● **Action item**
Write out again, exactly, the lines below starting at the one with "ピンクチャイム 2015.05.16 ピンクチャイムが咲きました" and ending at the one with "梁聖時董事長(左2)、尚世昌校長(左1)一行人受到創大田代康則理事長熱烈歡迎。".

(Beginning of Records to use)

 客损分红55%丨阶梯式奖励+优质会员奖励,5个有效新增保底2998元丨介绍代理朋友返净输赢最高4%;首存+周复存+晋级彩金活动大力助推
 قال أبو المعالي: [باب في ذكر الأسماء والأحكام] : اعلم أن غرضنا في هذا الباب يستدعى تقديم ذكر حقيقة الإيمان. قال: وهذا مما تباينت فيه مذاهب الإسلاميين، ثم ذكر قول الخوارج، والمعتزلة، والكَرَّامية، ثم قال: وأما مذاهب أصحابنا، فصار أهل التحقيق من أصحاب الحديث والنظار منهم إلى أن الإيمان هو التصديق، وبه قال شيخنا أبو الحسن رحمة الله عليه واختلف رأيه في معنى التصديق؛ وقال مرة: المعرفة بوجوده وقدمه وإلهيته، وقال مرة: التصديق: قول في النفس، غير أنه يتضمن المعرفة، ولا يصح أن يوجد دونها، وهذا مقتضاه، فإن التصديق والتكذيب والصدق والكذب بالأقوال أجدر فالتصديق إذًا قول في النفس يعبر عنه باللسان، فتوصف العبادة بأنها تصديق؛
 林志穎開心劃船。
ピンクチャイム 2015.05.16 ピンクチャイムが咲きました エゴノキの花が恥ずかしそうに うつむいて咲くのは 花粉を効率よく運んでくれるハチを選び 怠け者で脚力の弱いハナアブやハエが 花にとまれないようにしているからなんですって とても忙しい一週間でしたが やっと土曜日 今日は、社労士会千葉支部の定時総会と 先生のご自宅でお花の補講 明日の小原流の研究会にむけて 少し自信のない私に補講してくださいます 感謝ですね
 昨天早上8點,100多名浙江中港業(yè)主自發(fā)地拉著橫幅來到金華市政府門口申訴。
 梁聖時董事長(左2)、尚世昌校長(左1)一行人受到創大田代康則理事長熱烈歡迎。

(End of Records to use)
(Beginning of Records to use)

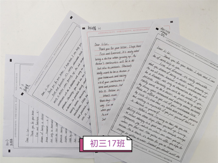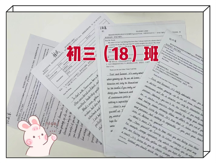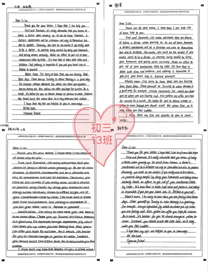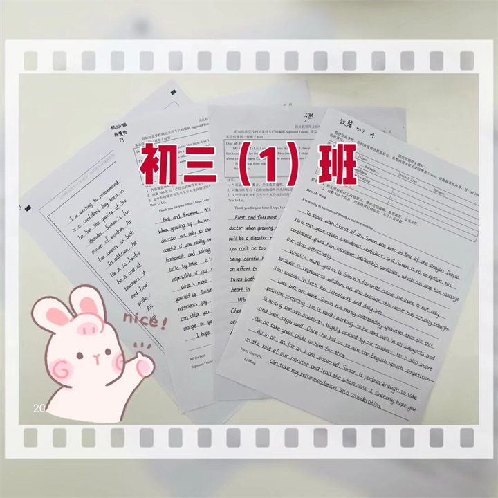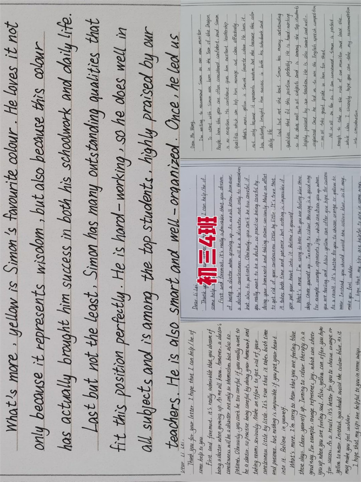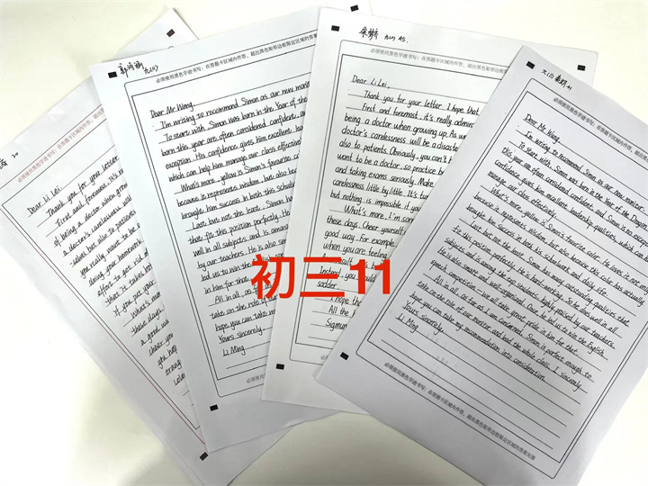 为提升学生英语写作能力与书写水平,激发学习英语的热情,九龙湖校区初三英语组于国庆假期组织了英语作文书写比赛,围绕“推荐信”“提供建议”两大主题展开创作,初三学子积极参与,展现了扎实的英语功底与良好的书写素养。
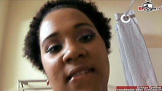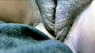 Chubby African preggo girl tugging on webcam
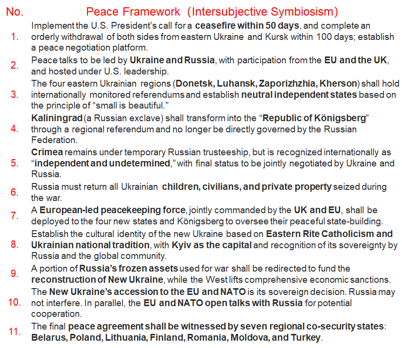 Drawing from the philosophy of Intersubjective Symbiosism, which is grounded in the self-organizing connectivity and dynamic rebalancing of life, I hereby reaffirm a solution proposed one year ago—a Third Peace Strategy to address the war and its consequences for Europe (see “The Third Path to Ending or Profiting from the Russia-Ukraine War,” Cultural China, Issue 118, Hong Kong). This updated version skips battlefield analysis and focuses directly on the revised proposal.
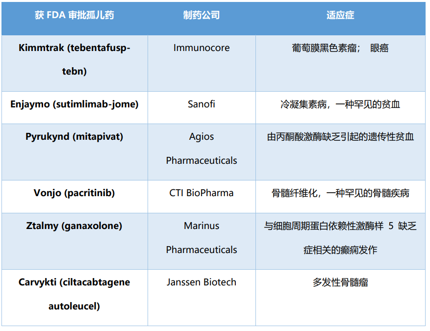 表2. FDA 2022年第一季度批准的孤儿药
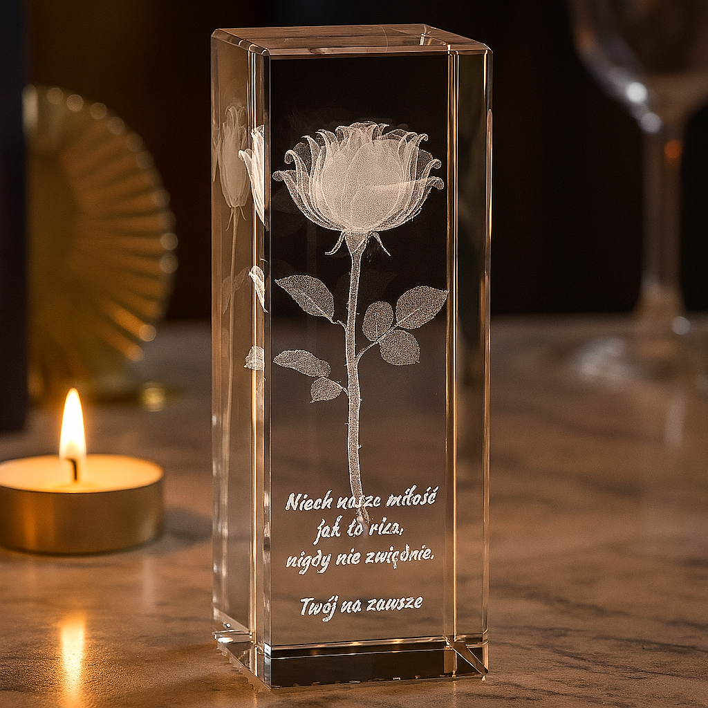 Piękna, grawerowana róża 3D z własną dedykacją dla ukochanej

(End of Records to use)
(Beginning of Records to use)

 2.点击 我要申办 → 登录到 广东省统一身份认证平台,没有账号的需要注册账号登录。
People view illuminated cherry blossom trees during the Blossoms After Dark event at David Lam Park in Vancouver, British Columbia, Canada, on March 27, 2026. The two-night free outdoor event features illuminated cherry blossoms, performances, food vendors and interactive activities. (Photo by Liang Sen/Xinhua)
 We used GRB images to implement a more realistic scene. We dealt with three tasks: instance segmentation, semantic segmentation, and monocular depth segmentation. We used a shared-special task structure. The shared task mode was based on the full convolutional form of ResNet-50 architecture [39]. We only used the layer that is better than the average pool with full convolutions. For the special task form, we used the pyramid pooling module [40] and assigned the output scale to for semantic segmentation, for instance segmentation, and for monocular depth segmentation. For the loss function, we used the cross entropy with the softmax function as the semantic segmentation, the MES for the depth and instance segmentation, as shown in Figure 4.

(End of Records to use)

● **Your solution**
ピンクチャイム 2015.05.16 ピンクチャイムが咲きました エゴノキの花が恥ずかしそうに うつむいて咲くのは 花粉を効率よく運んでくれるハチを選び 怠け者で脚力の弱いハナアブやハエが 花にとまれないようにしているからなんですって とても忙しい一週間でしたが やっと土曜日 今日は、社労士会千葉支部の定時総会と 先生のご自宅でお花の補講 明日の小原流の研究会にむけて 少し自信のない私に補講してくださいます 感謝ですね
 昨天早上8點,100多名浙江中港業(yè)主自發(fā)地拉著橫幅來到金華市政府門口申訴。
 梁聖時董事長(左2)、尚世昌校長(左1)一行人受到創大田代康則理事長熱烈歡迎。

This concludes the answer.